The continued increase of multilateral sanctions against Iran and speculation about action against Syria offer a useful contrast to the lifting of sanctions against Burma, such that now is an appropriate time to look at some of the trends and common features in EU sanctions programmes, with a particular focus on how those programmes have developed over time and what commercial organisations might expect if they are affected by them.

This article first appeared in WorldECR, the journal of export controls and sanctions, July/August 2013 issue and is reproduced with their kind permission.

The political basis for international trade sanctions is that they are intended to address particular circumstances and operate to achieve particular foreign policy objectives. As a result, the sanctions should be dynamic, rather than static, pieces of legislation and they should be focused on specific, clearly identified policy objectives. They should be targeted to address the needs of the specific political situation, and more onerous sanctions should only be imposed if these are needed to ensure that the relevant public policy objectives are achieved. The restrictions and prohibitions should then be progressively reduced when events on the ground show that the sanctions programme is achieving its stated objectives.

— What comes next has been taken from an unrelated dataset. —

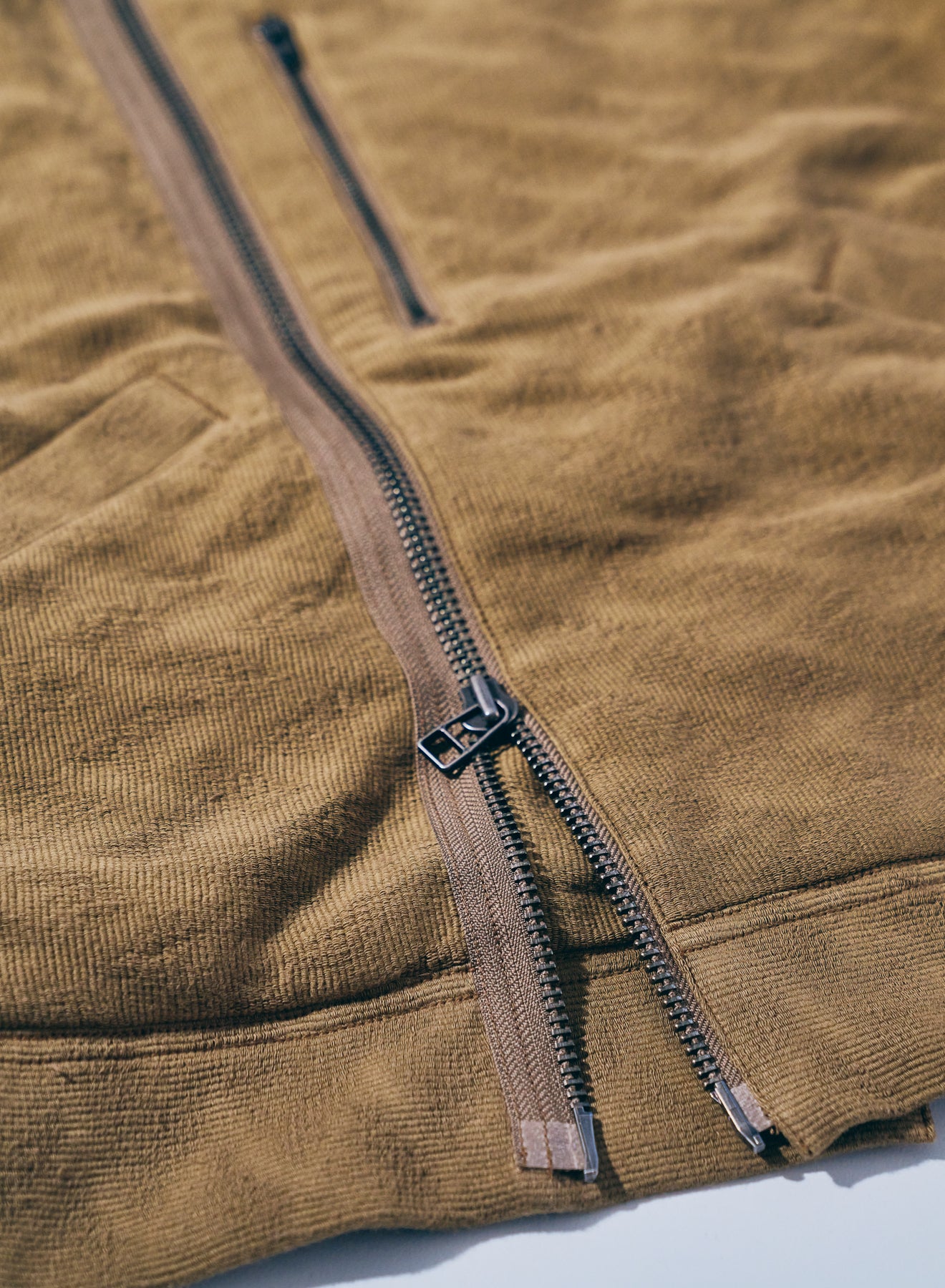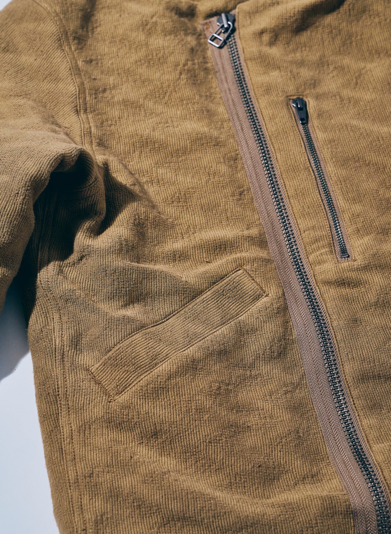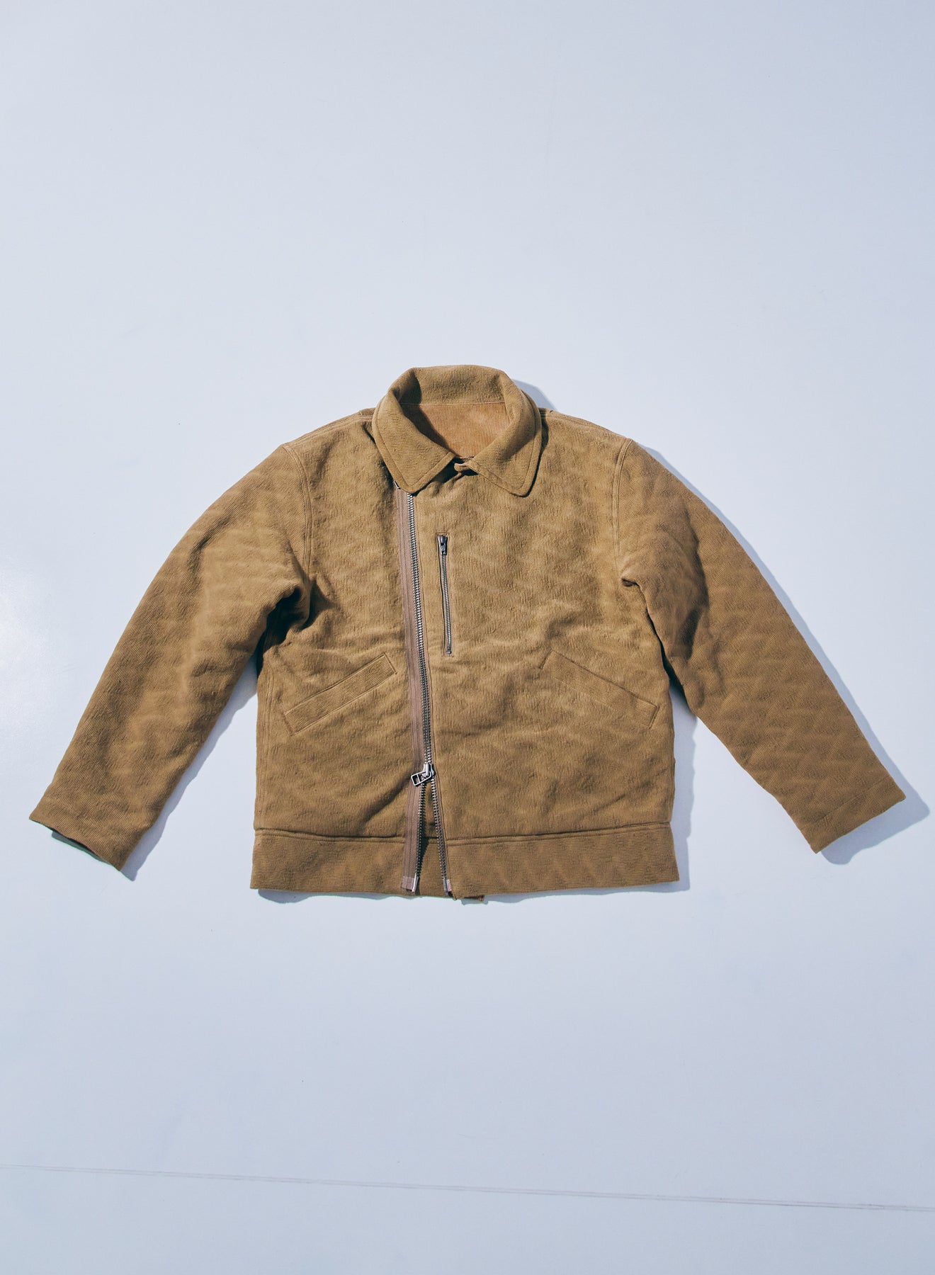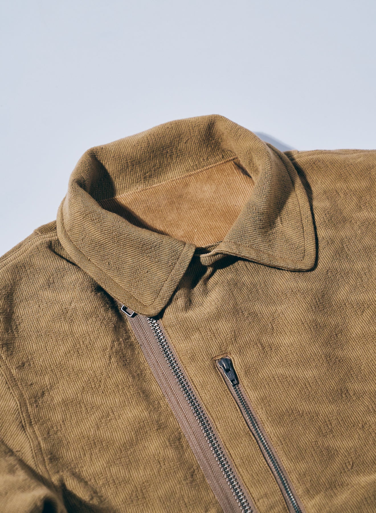 特徴的なディテールを持つショート丈のミリタリ―ジャケットをベースに、同じく特徴的な生地であるジャギーデッキクロスを用いた中綿ジャケット。ジッパーで脱着可能なフードの口には形状記憶素材が入り、また、フード内部にはコーデュロイを配置することで、機能に優れる中綿と相まって、高い保温性を持ちます。また、アームホールはやや太めに設定、肩周りに余裕を持たせた立体的なパターンにより、腕周りの可動域も確保しています。

This article will look in particular at the EU sanctions against Ivory Coast, Libya, Iran and Syria as a guide to the ways in which sanctions have historically been increased in response to political events. We will also look at the sanctions against Ivory Coast and Libya as a demonstration of how the sanctions have historically been reduced in response to political events.

The eyes of the world are of course currently on Iran, Syria and North Korea, and whilst more serious sanctions may well be imposed in the short term, the longer term objective is to persuade Iran to abandon its nuclear objectives, at which point the question will arise as to how such complex and overlapping sanctions can most effectively be wound down.

EU Sanctions: Common Features

We will focus on “trade” sanctions i.e. those which prohibit or otherwise restrict some or all trade between the sanctioned regime and commercial organisations elsewhere.

At their heart, the EU trade sanctions programmes impose an asset freeze, by which the funds and economic resources of named individuals and entities are frozen and, in addition, the provision of funds or economic resources directly or indirectly to or for the benefit of the named individuals and entities is prohibited. As such, the EU sanctions are “targeted”, in that the restrictions are directed at the individuals and entities which are said to be engaged in or supporting the activities which the sanctions are intended to curtail.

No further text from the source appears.